Но нет, он встречает меня под голубым, как незабудка, небом таким сияюще-радостным, каким бывает редко, и сразу соглашается отправиться скитаться по окрестностям Херизау. В гору, с горы. В садах — переливы золота форзиций, нарциссов и первоцветов. Фруктовые деревья девственно-зеленые. И над всем этим — зонтик небес.

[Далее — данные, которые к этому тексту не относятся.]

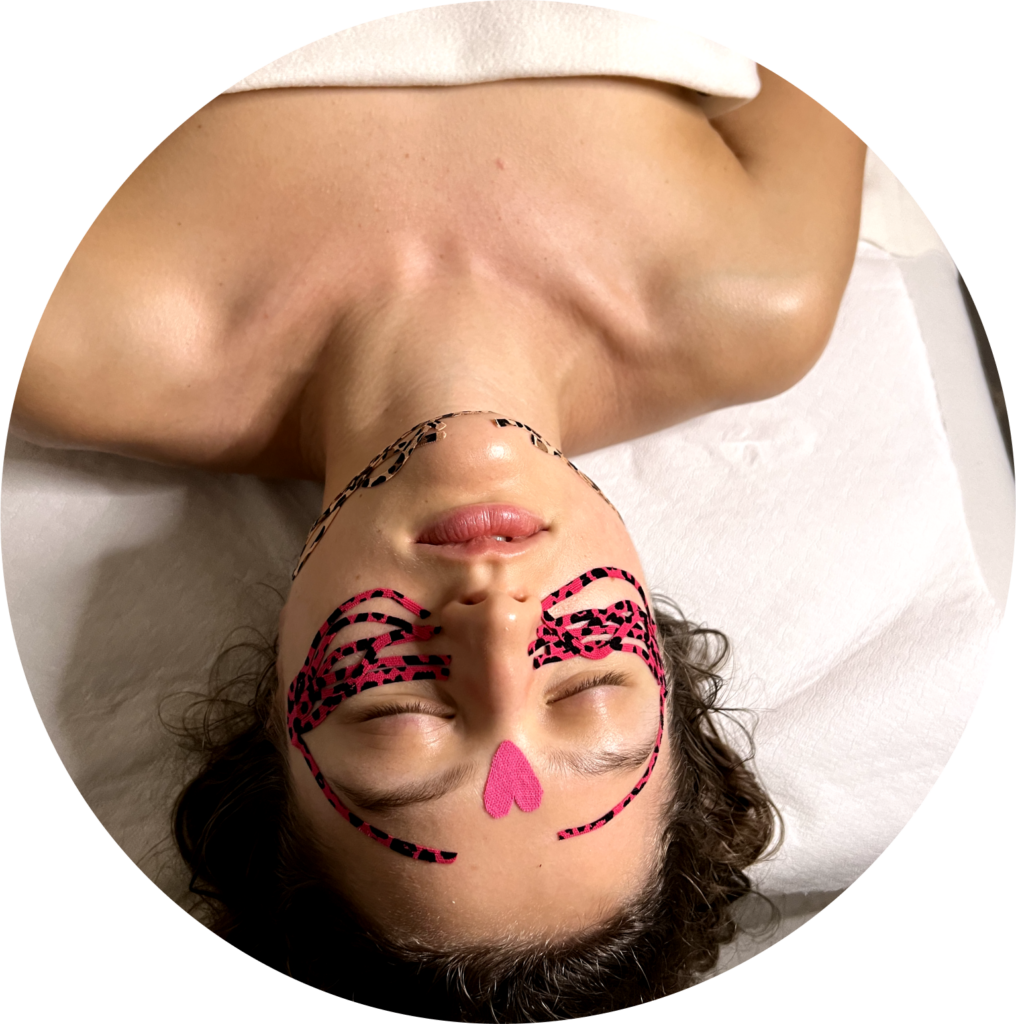Głęboki masaż twarzy w naturalny sposób odwracający i spowalniający oznaki starzenia. Określany jest niechirurgicznym japońskim liftingiem twarzy. Masaż obejmuje twarz, szyję, dekolt, kark i ramiona. Po masażu twarz oklejam taśmami kinezjologicznymi w celu poprawienia i przedłużenia efektów masażu.

Я рассказываю Роберту о Кэтхен из Хайльбронна, которую видел в Шаушпильхаусе и был сильно разочарован. Роберт:

— Догадываюсь. Для меня этот персонаж тоже слишком послушен, словно собака. Она постоянно виляет хвостом перед графом фон Штралем. Мне даже больше нравится благородная девица Кунигунде. Она царапается и кусается, как любят мужчины. Разумеется, когда горделивые становятся вульгарными, это почти невыносимо. По-видимому, Кляйст получил отпор от одной из таких и через образ сварливой Кунигунде хотел отомстить. Необузданный, вот каким он был. Впрочем, Кляйст — странный писатель: когда он хочет быть лириком, то становится драматургом, а когда хочет быть драматургом, становится лириком, как в Кэтхен. Прошло, пожалуй, четверть века, а то и больше, как я прочитал это произведение. Но я до сих пор помню: "Преступление подкрадывается на цыпочках". Так? Как часто я встречался с Кляйстом! В Туне и на Ваннзее, где он и Хенриетте Фогель покончили с собой, я был на их общей могиле. Затем в Берлине, где кайзер процитировал отрывок из Принца фон Хомбург с балкона дворца, когда разразилась Первая мировая. Разумеется, чтобы настроить подданных против французов».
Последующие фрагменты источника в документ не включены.